Wednesday's “Life class” always put me in a questionable mood. All these questions that never got answered and all these random discussions she pulled out of her magic hat. No one ever left her class having learned anything they didn't already know before or without a splitting headache. But as everything else, I believed this class must have been taught for a reason. Various after-school activities and chores usually followed. I had given them all a fair trial but, much to my mother's dismay, neither water kung fu nor bubble sculpting agreed with me.
I usually spent Wednesday afternoons, walking down the river, often ending up at the local Cafe, owned by my aunt Clara. On Wednesdays, she was usually off rock crawling, which made it all the more enjoyable for me. She had a nasty habit of questioning the unquestionable. “Why don't you bring your little friends?”, was her official ringtone. At this hour, the place was usually half empty and you could only hear gurgling milk noise, slightly covering the snores of sleepy Tom, the ageing copper. I ordered my usual hazelnut hot chocolate and went to sit at my favourite corner table, fenced off by a small window on the left and an empty wooden bookcase on the right. I sat comfortably and looked through the window at the thick and silvery fog.

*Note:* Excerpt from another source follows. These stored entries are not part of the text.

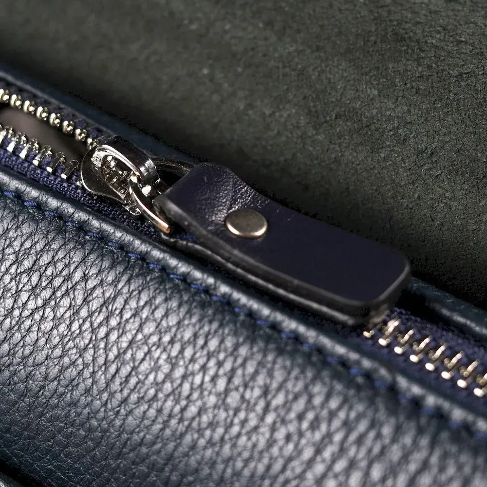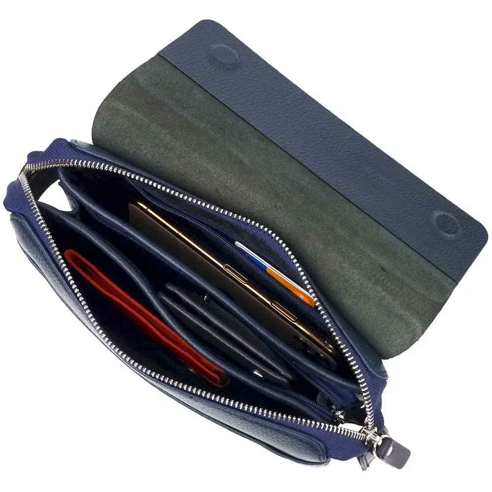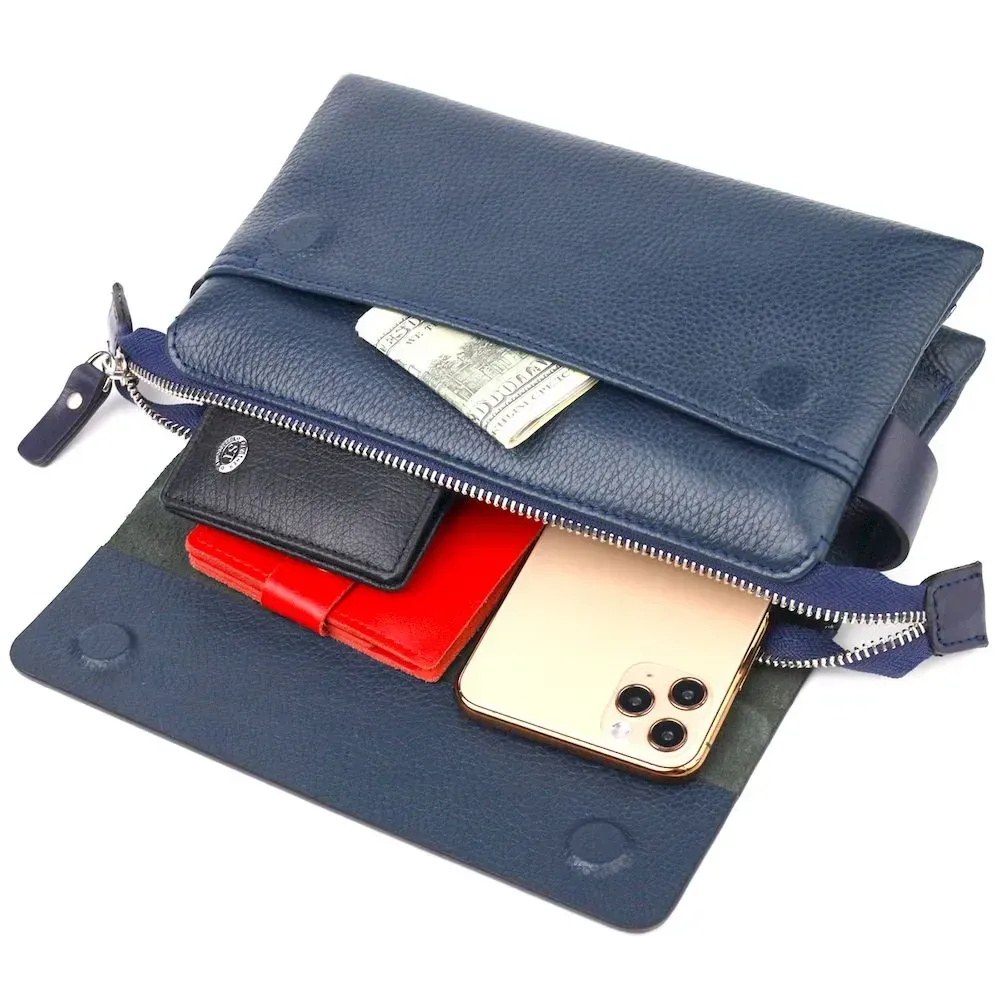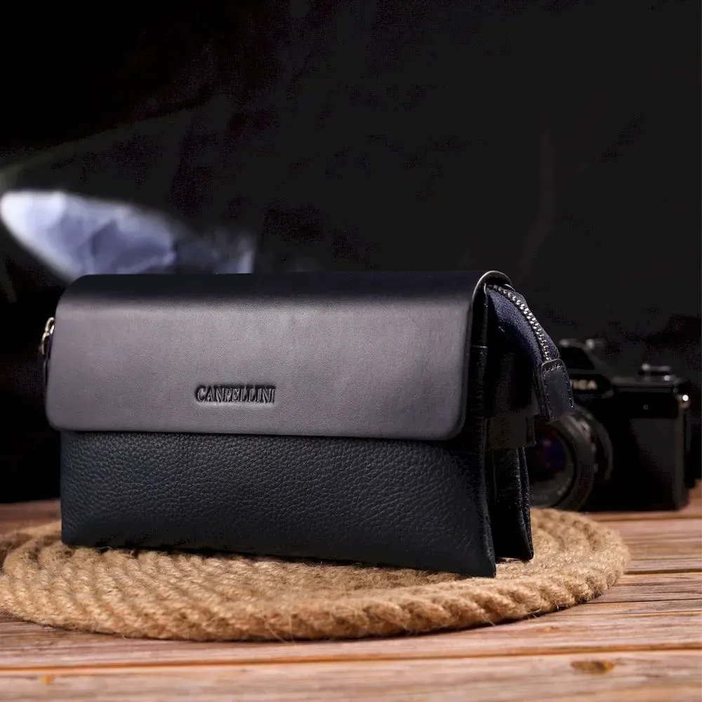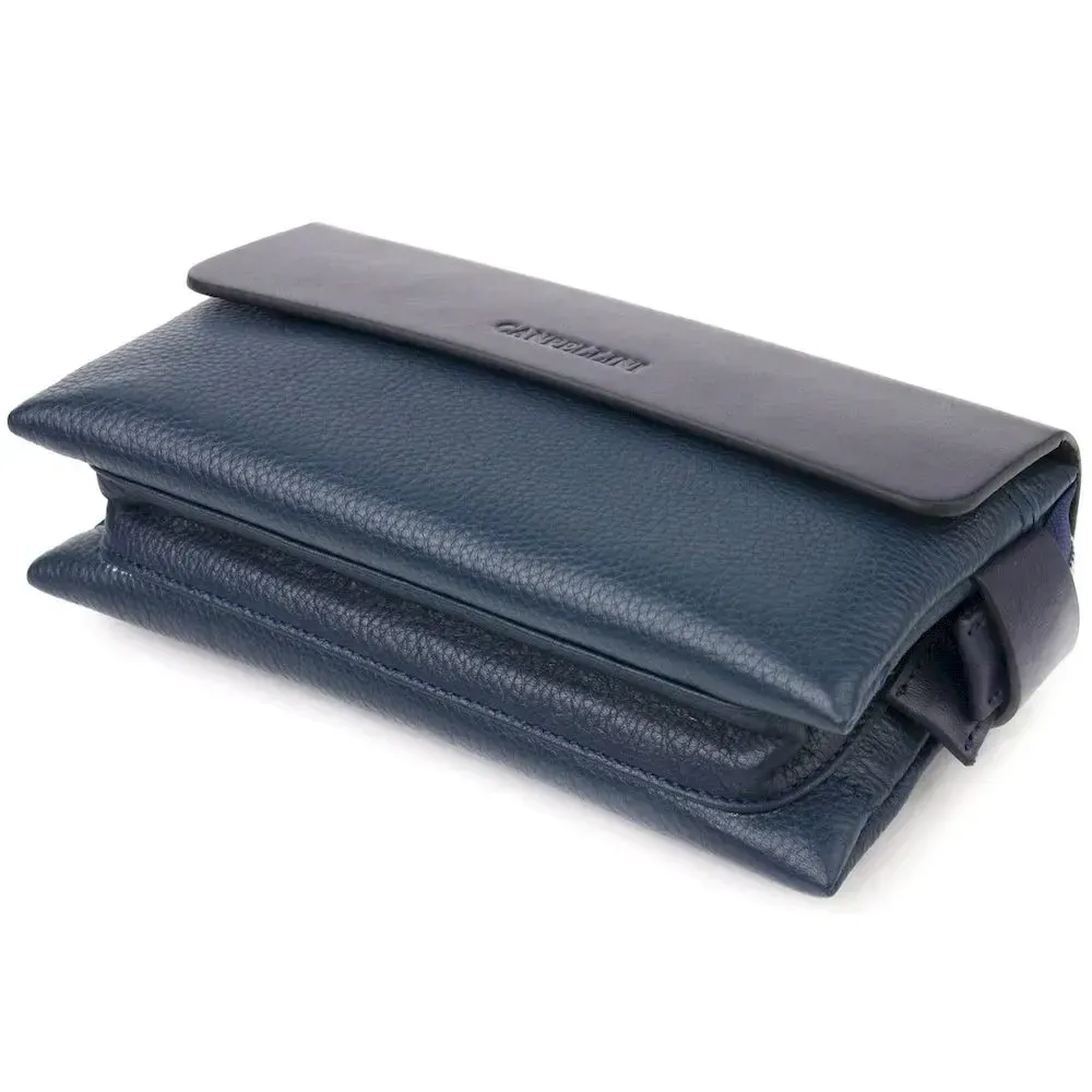 Добротный мужской клатч из натуральной комбинированной кожи CANPELLINI 21565 Синий
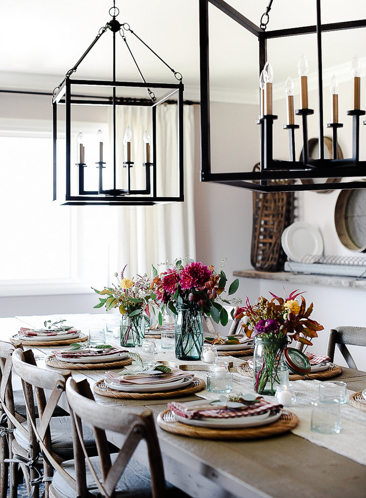 L'idée des assiettes émaillées est excellente : c'est complètement tendance et ça rajoute une pointe de couleur. J'aurais vu le bleu un poil plus foncé, mais je note aussi l'idée des chandeliers qui apportent de la hauteur. Et comme je vous le répète à chaque fois : donner de la hauteur à une table est primordial !
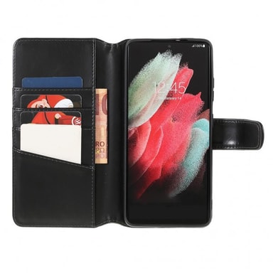 Nordic Covers stilrene tegnebogsetui gør det muligt for at opbevare dine vigtigste kort sammen med en af dagens mest værdifulde ejendele; din mobil. Mobiletui er fremstillet i ægte læder, som får en fin patina over tid og gør etuiet slidstærkt. Med en smarte magnetlukning holdes tegnebogsetuiet lukket, så du slipper for at være urolig for at dine kort falder ud. Dette mobiletui har en smart stativfunktion som sørger for at man kan stille telefonen op i landskabsmode, så man for eksempel kan se film på togrejsen.
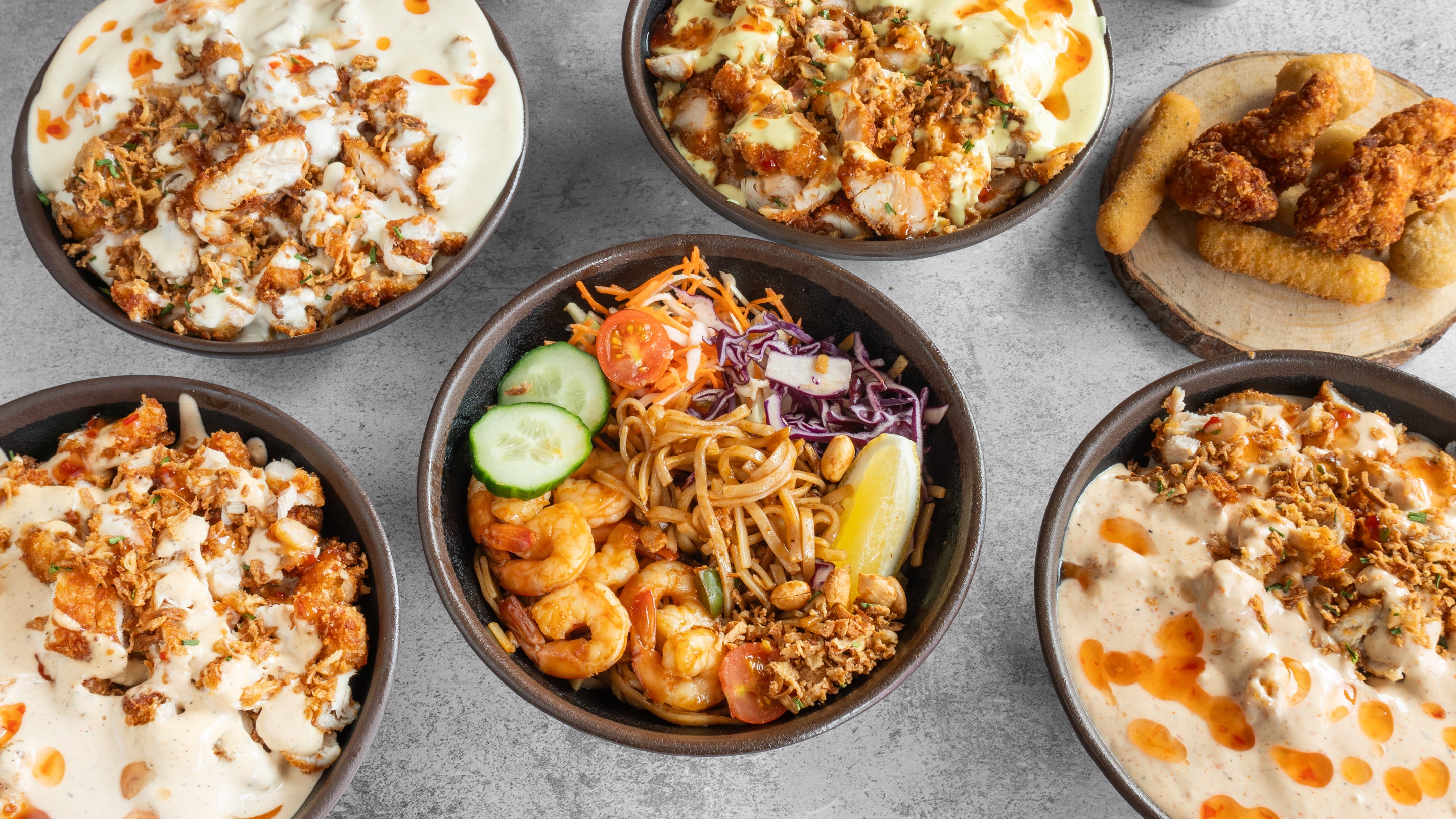 Riz blanc parfumé, Poulet Croustillant maison, herbes thaï parfumées, oignons frits, sauce MANGO maison et sauce thaï maison.9,90 €

It was not love but I will remember her forever. The first time I saw her, I didn't see her. She entered the cafe, sat near the door and probably ordered her usual mint frappuccino. She wasn't from here. Still daydreaming and only halfway through my drink, I cannot recall why, of all people, she decided to charge straight for my table and for my own sanity, I will never attempt to do so. She had a velvety voice and turbulent manners. I knew from the moment I met her, she was someone who would never bother with “life class” and that made her, despite all odds, terribly intriguing.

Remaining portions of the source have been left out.